In early 2016, I quit working for Bannon/Breitbart. I left the Republican Party. I became a Democrat. Started appearing on CNN, MSNBC, and Fox News. I began writing for the HuffPost, USA Today, NBC News THINK, and the LA Times. I consulted for the DNC and the DCCC and began advising Democratic members of Congress. I got to see the vantage point from the other side. I got a better understanding of how they work, how they see the world. And much to my dismay, it became crystal clear how and why it was so easy to beat them when I was a Republican.
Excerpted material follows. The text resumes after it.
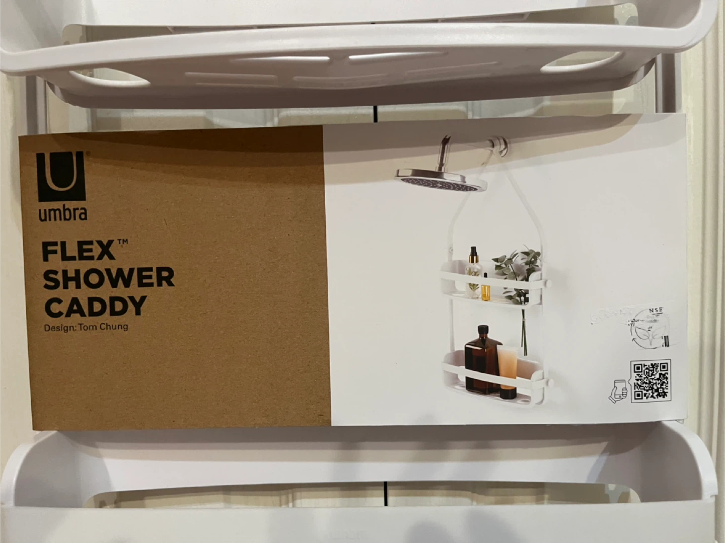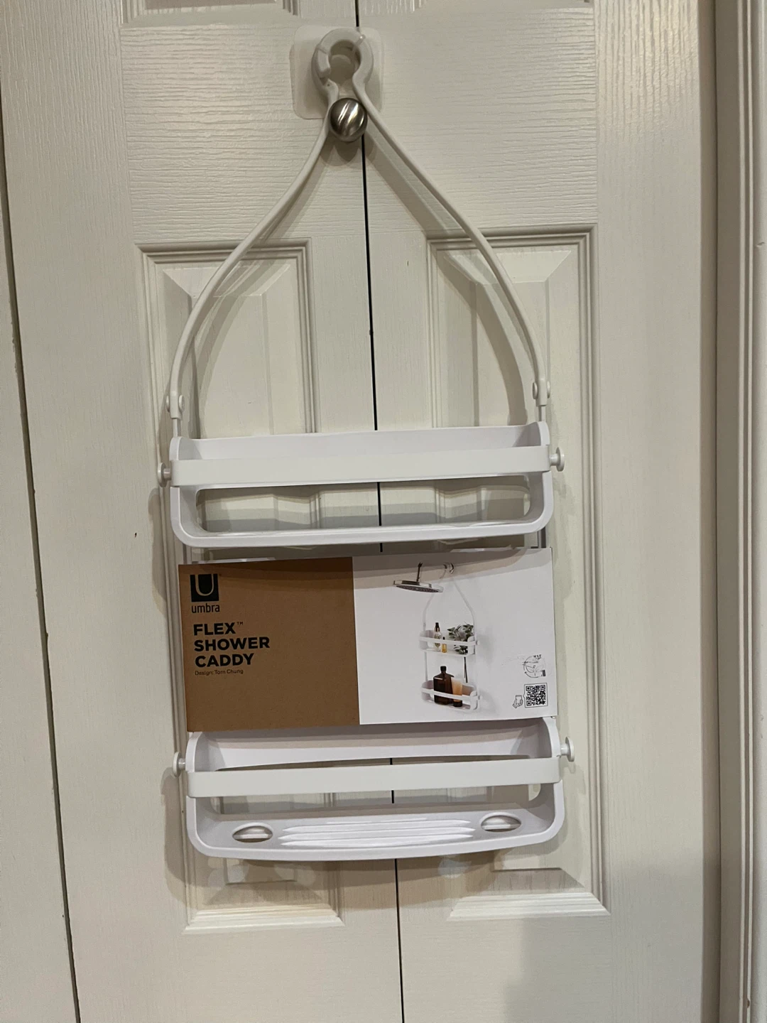 Brand New! Umbra Flex Shower Caddy is designed to hang over your shower head or door. It features three tiers for storing toiletries. White plastic construction.

From what I’ve seen, it’s no surprise that the right-wing extremists have successfully hijacked the conversation about fact and truth. That the legacy media was ill-equipped for this strategic and well-executed assault. That rather than maintain a bias towards fact and truth, the legacy media surrendered, withdrew, and leaned into the safe harbors of “both sides.” Don’t believe me? This wholesale surrender was on full display this week during a Vice Presidential debate that the national media moderators agreed not to fact check. If that’s not waiving the white flag, I don’t know what is. We might as well dispense with debates altogether and just run campaign ads.
My Substack is a conversation about this dynamic – how we got here, where we are going, and what we can do to stem the tide before it’s too late. What I write here is informed by my years working for both Republicans and Democrats, of being in close proximity to the right and the left, to the Breitbart’s and the MSNBC’s. But also, what I write/post in this space will hopefully become a place where those of us who are still committed to this fight for fact and truth can congregate and discuss how to win this fight. How to turn the tables on the bad-faith actors and beat them at their own game. I hope you’ll join me in this conversation.
Very cynical and interesting. You did not discuss your reasons for moving from the Right to the Left. What caused you to leave Breitbart for MSNBC at the beginning of the Trump (hopefully one and only) Presidency?